Walter couldn't help himself. He finished the artichoke hearts—there were only about twelve of them—and, still chewing, tilted back the jar and drank off the thick, herb-flavored olive oil in which they'd been preserved.

Mardi pulled the short-necked bottle from her lips and gave him a look of mock horror. “Disgusting,” she said.

Walter shrugged, and went for the crullers in the bread box.

She watched him eat a moment, then asked him how Alaska was.

“You know,” he said between mouthfuls, “cold.”

There was a silence. The voices from the parlor became more animated. Joanna, hugely pregnant Joanna, passed by in the hallway in a silk dressing gown. Her skin was white, her hair upswept in a conventional coif. She wasn't even wearing moccasins.

“What's going on in there,” Mardi asked, indicating the parlor with a jerk of her head, “—they plotting something or what?”

Walter shrugged. He was considering the half loaf of thin-sliced whole wheat bread he'd found beside the crullers. Peanut butter? he was thinking. Or pimento cream cheese?

Suddenly Mardi had hold of his arm and she was leaning into him, brushing his cheek with her own. “Want to go upstairs for a quickie?” she breathed, and for a minute, just a minute, he stopped chewing. But then she pushed away from him with a laugh—“Had you, didn't I? Huh? Admit it.”

He looked from the loaf in his hand to her breasts, her lovely, familiar breasts, the upturned nipples so well delineated she might
just as well have forgone the body stocking. The hunger—the hunger of the gut, anyway—began to subside.

Mardi was grinning, poised to dodge away from him like a kid with a swiped cap or notebook. “Only kidding,” she said. “Hey, I'm on my way out the door.”

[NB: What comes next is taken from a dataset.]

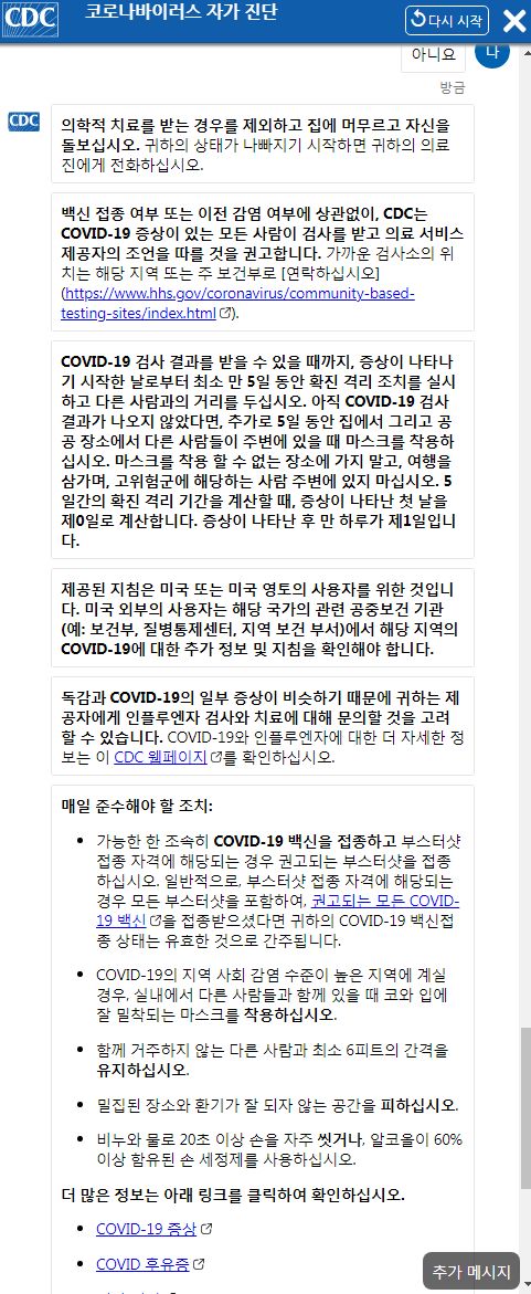 미국CDC 코로나바이러스 자가 진단 (링크) 본문

Walter managed to summon a “where to?” look, though at the moment he couldn't have cared less.

“Garrison,” she said, “where else?” And then she was gone.

Walter stood there a long moment, listening to the voices drifting in from the parlor, listening to Dipe Van Wart, his employer, his mentor, his best and only friend. Dipe Van Wart, who'd molded his father into a piece of shit. He thought about that a moment longer, and thought about Hesh and Lola, Tom Crane, Jessica, the late lamented Peletiah, Sasha Freeman, Morton Blum, Rose Pollack. They were pieces of shit too. All of them. He was alone. He was hard, soulless and free. He was Meursault shooting the Arab. He could do anything, anything he wanted.

He put the bread back in the bread box and poured the rest of his beer down the drain. His coat was in the parlor, but he wouldn't need it. He didn't feel like going back in there now, and besides, it wasn't cold—not when you've just come back from Barrow, anyway. He leaned against the counter and focused on the clock over the stove, forcing himself to wait until the second hand had circled it twice.
It's in the blood, Walter,
he heard his father say. And then he crossed the kitchen and slipped out the back door.